▶ [EXCERPTED DATA]
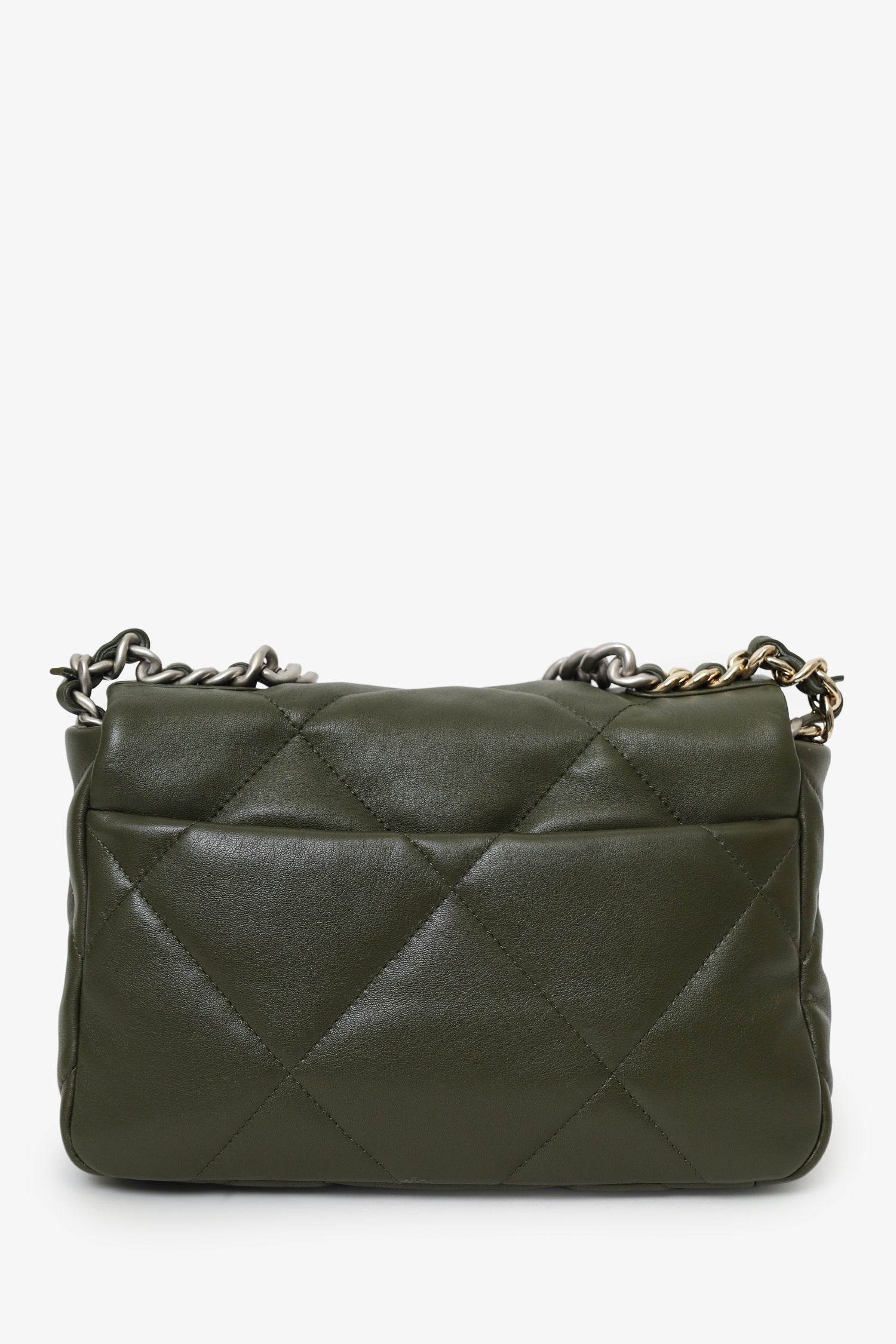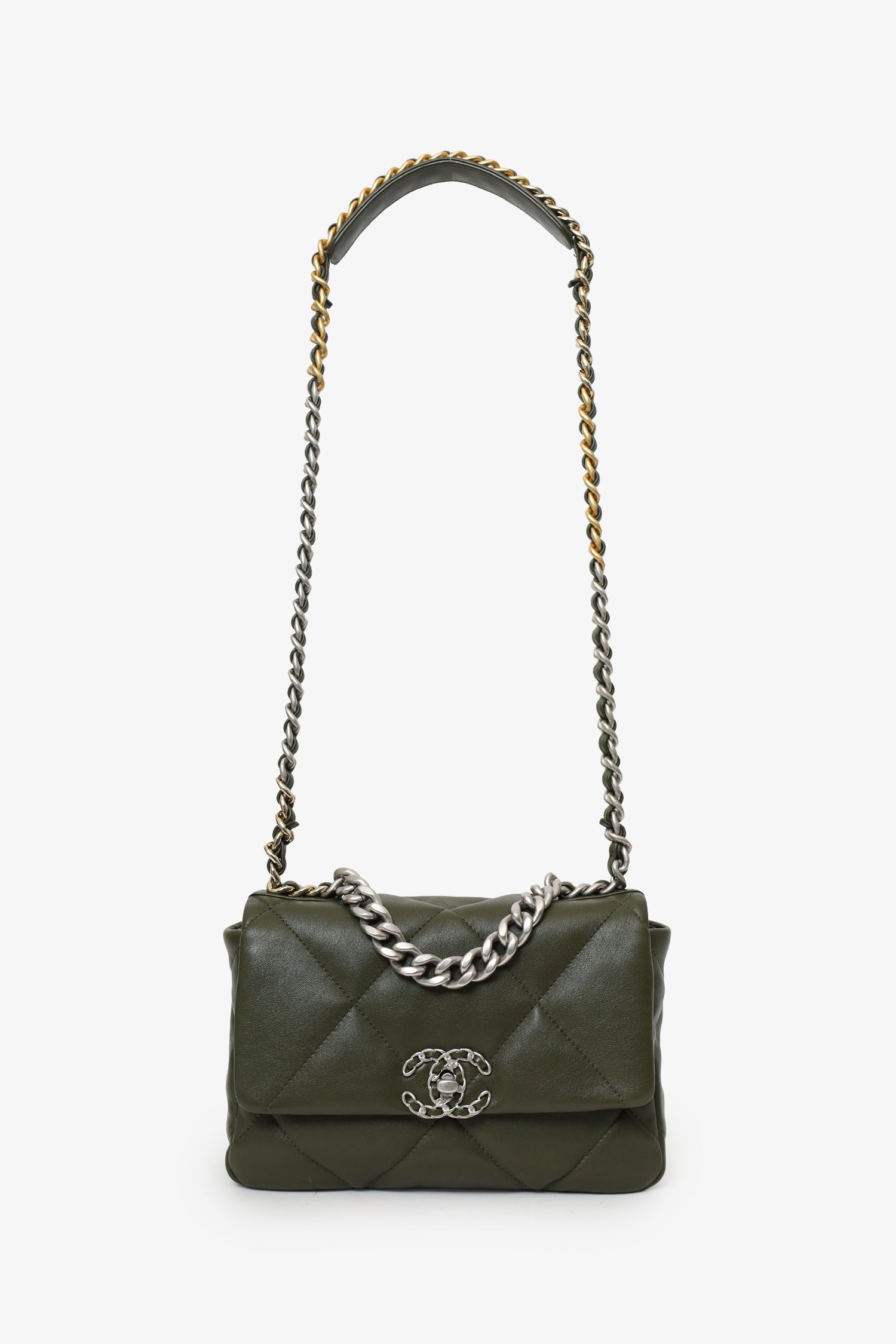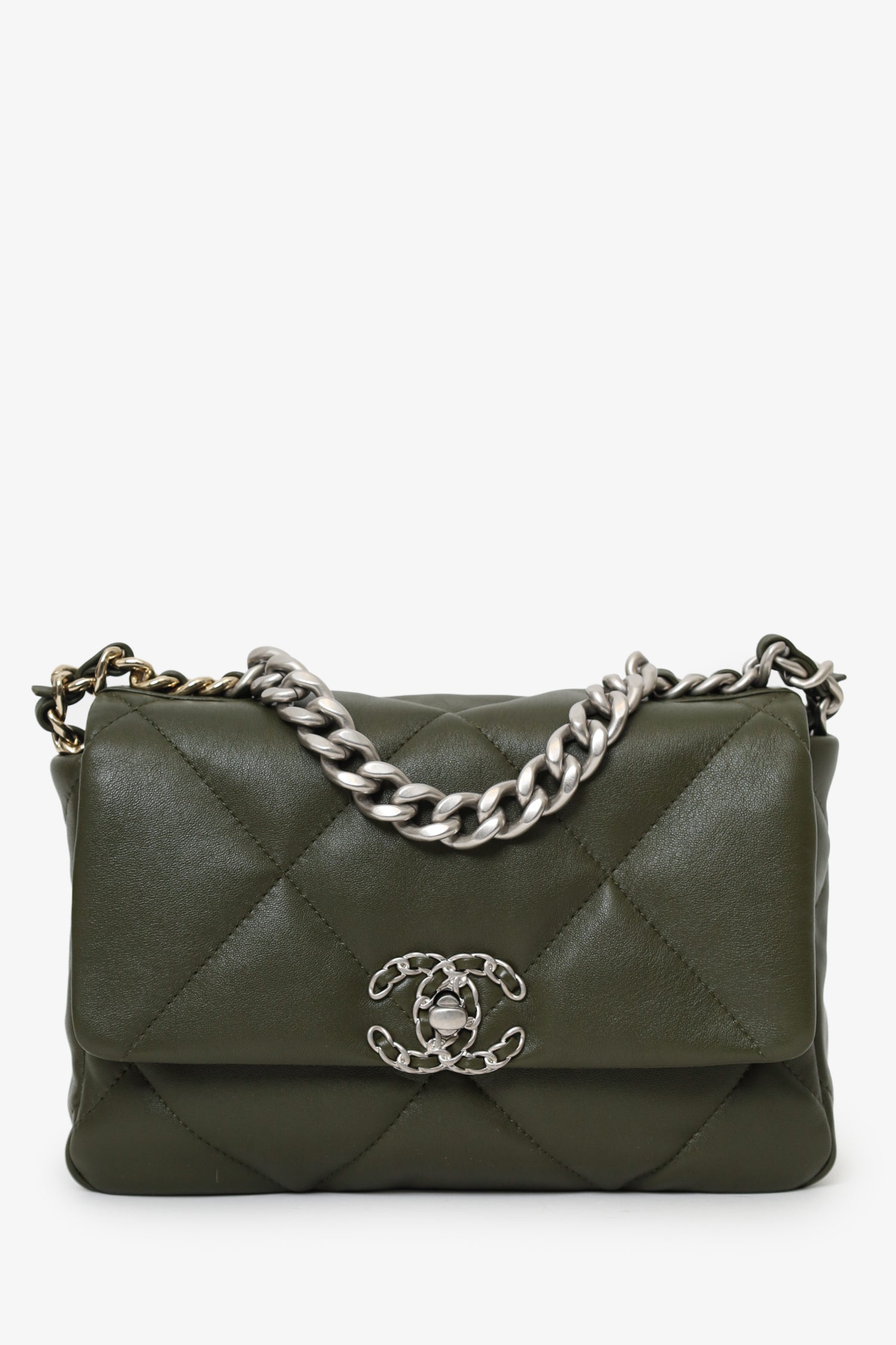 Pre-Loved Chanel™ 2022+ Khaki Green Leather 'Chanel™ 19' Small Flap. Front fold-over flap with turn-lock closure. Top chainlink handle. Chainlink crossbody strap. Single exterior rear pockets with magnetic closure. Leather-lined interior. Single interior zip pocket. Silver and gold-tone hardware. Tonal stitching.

...

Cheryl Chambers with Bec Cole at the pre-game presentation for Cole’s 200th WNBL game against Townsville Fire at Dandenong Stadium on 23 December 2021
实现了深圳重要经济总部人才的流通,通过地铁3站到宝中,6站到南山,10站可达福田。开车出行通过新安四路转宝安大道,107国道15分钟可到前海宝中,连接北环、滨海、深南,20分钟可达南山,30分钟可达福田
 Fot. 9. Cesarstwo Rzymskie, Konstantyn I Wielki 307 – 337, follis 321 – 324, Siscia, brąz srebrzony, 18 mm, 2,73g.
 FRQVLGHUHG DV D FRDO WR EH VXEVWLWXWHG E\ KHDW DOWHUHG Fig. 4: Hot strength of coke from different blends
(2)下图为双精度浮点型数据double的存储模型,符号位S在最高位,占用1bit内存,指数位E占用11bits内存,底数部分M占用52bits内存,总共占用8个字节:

▶ [TASK DETAILS] I'd like the lines above from the one with "Fot. 9. Cesarstwo" up to and including the one with "(2)下图为双精度浮点型数据" copied exactly, with no other lines.

▶ [SOLUTION BELOW]
 Fot. 9. Cesarstwo Rzymskie, Konstantyn I Wielki 307 – 337, follis 321 – 324, Siscia, brąz srebrzony, 18 mm, 2,73g.
 FRQVLGHUHG DV D FRDO WR EH VXEVWLWXWHG E\ KHDW DOWHUHG Fig. 4: Hot strength of coke from different blends
(2)下图为双精度浮点型数据double的存储模型,符号位S在最高位,占用1bit内存,指数位E占用11bits内存,底数部分M占用52bits内存,总共占用8个字节:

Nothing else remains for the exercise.